--- START ---

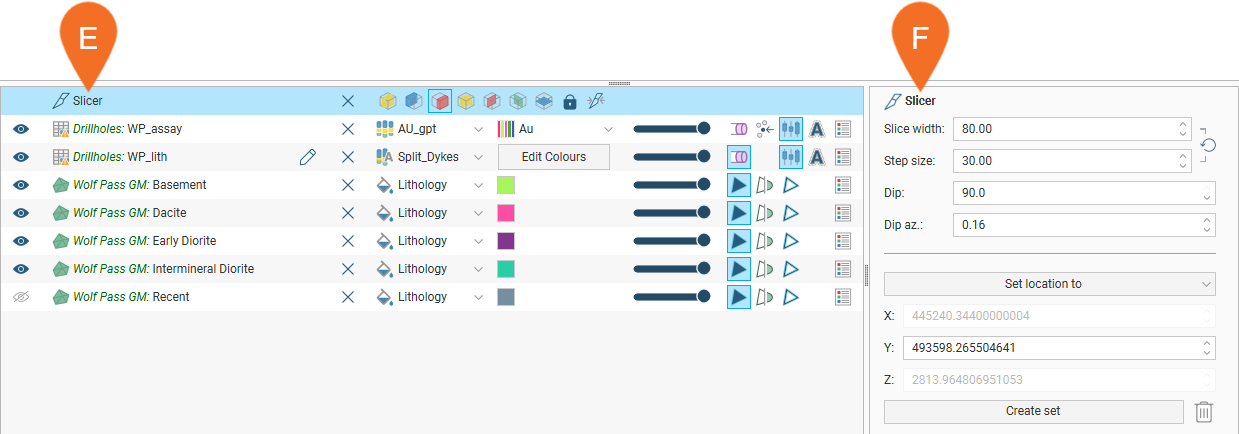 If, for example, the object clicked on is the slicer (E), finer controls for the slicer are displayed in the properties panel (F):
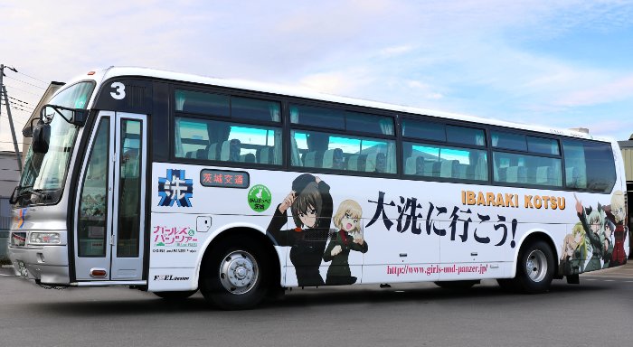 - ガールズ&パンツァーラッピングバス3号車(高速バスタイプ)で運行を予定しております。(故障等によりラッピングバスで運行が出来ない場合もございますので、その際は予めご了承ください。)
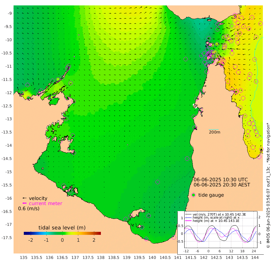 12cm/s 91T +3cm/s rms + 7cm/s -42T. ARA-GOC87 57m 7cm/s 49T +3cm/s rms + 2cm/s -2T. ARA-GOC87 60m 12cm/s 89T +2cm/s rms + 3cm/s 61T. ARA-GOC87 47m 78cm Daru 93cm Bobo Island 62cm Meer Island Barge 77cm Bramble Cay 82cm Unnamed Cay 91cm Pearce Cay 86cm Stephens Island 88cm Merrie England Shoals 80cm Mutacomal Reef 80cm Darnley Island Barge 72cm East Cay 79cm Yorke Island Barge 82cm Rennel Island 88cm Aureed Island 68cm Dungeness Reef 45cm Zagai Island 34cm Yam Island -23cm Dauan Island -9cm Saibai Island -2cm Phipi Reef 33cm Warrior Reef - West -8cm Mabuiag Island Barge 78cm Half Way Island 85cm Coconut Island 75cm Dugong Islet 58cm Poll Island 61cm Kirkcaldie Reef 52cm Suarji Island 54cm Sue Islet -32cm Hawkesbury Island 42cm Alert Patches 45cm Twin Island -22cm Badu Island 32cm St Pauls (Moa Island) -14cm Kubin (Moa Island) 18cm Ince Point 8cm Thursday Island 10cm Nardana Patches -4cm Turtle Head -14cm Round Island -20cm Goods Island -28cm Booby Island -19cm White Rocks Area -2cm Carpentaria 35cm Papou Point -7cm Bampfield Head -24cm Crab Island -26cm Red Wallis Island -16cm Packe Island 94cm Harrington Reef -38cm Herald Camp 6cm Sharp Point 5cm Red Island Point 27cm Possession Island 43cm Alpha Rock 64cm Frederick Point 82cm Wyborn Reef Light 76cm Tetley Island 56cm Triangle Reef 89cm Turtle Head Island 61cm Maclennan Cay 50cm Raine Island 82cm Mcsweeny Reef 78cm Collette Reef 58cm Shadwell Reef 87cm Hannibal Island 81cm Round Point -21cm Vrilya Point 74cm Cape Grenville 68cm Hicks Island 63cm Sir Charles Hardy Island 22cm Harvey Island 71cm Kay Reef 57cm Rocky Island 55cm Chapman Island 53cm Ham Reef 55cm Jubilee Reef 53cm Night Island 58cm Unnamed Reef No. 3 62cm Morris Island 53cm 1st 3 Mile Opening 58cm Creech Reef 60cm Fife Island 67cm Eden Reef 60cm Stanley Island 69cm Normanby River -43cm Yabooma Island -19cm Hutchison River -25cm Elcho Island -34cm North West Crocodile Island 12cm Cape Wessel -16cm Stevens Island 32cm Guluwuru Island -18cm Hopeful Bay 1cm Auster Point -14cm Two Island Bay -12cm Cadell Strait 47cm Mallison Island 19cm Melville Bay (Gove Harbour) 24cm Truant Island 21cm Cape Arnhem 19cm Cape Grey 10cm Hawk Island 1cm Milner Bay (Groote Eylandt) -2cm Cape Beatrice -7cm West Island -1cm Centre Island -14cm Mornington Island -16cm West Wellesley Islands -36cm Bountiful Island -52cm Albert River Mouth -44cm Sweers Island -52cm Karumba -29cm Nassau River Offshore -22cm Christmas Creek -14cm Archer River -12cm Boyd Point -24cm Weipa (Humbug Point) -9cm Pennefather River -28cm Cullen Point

--- END ---
--- START ---

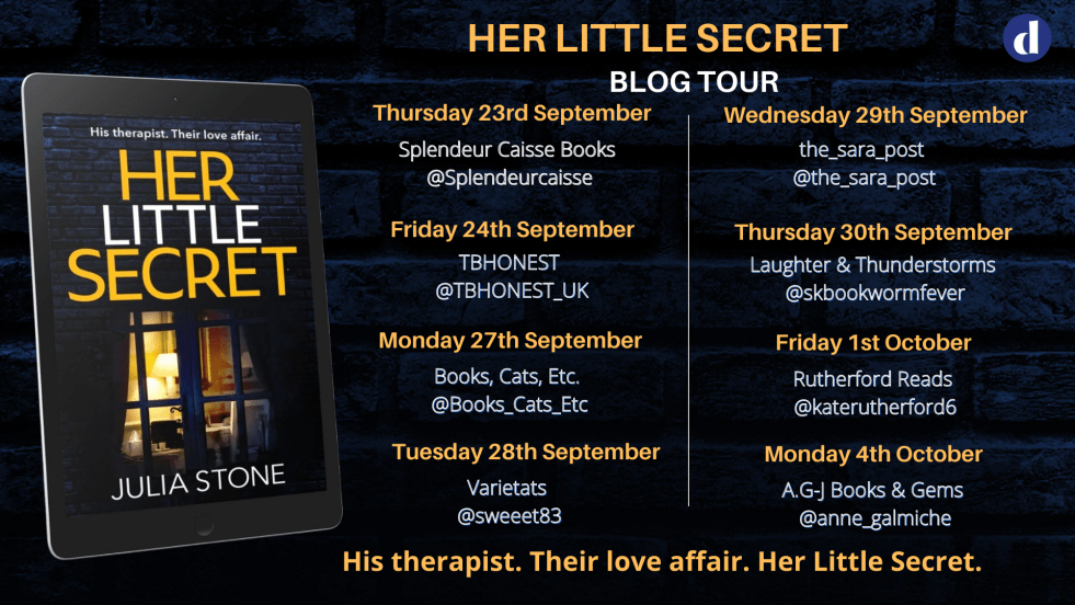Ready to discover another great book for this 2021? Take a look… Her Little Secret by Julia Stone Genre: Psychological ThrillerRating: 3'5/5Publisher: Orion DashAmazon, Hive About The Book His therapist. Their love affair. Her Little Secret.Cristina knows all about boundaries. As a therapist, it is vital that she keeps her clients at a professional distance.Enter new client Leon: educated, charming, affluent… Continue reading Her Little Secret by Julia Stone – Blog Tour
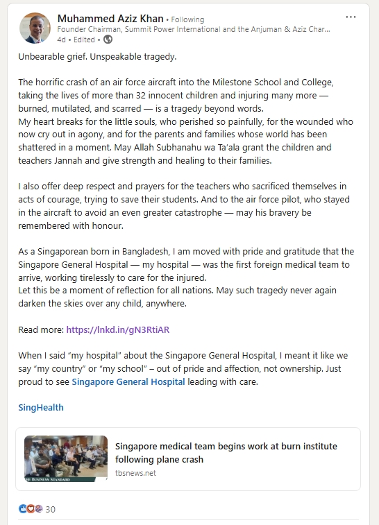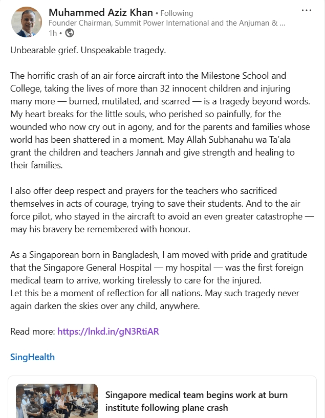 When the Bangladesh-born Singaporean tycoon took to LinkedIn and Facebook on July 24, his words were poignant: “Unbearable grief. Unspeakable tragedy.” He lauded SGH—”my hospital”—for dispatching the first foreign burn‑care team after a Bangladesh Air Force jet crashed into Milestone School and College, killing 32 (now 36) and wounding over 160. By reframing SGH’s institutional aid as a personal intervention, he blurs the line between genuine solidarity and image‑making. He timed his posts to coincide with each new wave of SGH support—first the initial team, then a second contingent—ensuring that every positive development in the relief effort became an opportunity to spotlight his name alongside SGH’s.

--- END ---

Using the data above, print only the lines starting at the one with "If, for example, the" and ending at the one with "- ガールズ&パンツァーラッ", exactly as they stand, minus the pictures.

 If, for example, the object clicked on is the slicer (E), finer controls for the slicer are displayed in the properties panel (F):
 - ガールズ&パンツァーラッピングバス3号車(高速バスタイプ)で運行を予定しております。(故障等によりラッピングバスで運行が出来ない場合もございますので、その際は予めご了承ください。)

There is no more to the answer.